I’ve often been criticized for being “too quiet” in meetings – not asserting my opinions over those of others in the room. I used to feel self-conscious about this, but now I’m owning it. I’m not shy or retiring (anyone who knows me can tell you that) – instead, I keep my mouth shut and pay rapt attention to the spoken (and unspoken) things my clients and colleagues are saying. I come to meetings so damn prepared there’s no room for error. I don’t feel the need for everyone to think I’m the smartest person in the room – there’s always something I can learn from others.

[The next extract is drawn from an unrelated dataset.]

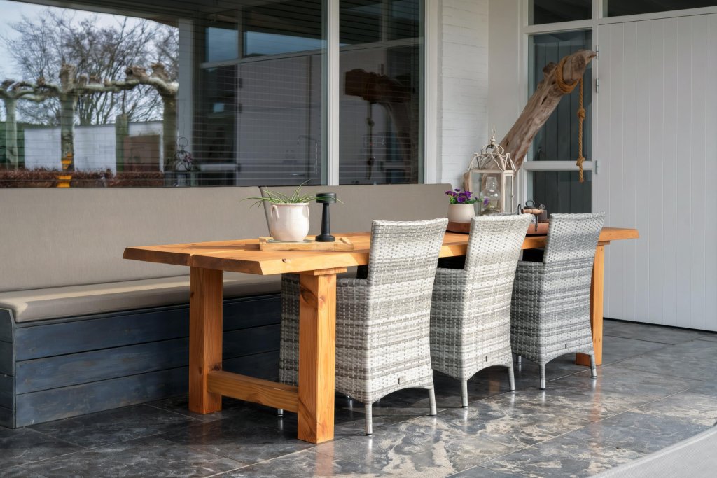 - Tuin: Screens bij overkapping, houten tuinhuis met overkapping;

There’s a trend lately toward “power poses,” and “commanding a room” in a meeting. As a services professional, I’m here to learn and deeply empathize with my clients’ pain points so that I can come up with the best-fitting solution that meets their needs. How is that possible if I stride into the gathering with a fully formed opinion I’m trying to implement without input. I trust my intuition and abilities enough to let others do the talking – to go away and think deeply about what I have heard – synthesize the information, and come back with a well-argued POV that directly answers my clients’ concerns and objectives, rather than serving my own.
You can call it “soft skills” or “emotional intelligence,” but I find those terms to be gendered and therefore not as “valuable” to employers who value the ability to swagger into a meeting, stand expansively with your fists on the conference room table, and sell the hell out of their idea – whether it answers the client’s problem or not…
My power pose is perched at the edge of my seat, Moleskine and Sharpie Ultra Fine point in hand with an open, inquisitive mind and quiet confidence in my abilities.
I find many women (and quite a few introverted men) in the same place. In a working world where you must assert your dominance or be passed over, do you put on a mask, or do you bring people around to appreciating your unique skill set and its expression? Project your power in a way that feels authentic to you – and if you get brushed past, talked over, or ignored, you’re in the wrong place. I know, easier said than done…
Or, just blow the whole damn thing off and play with this handy “WHO TALKS MOST” widget to kill an hour. Beats getting stuck taking meeting notes.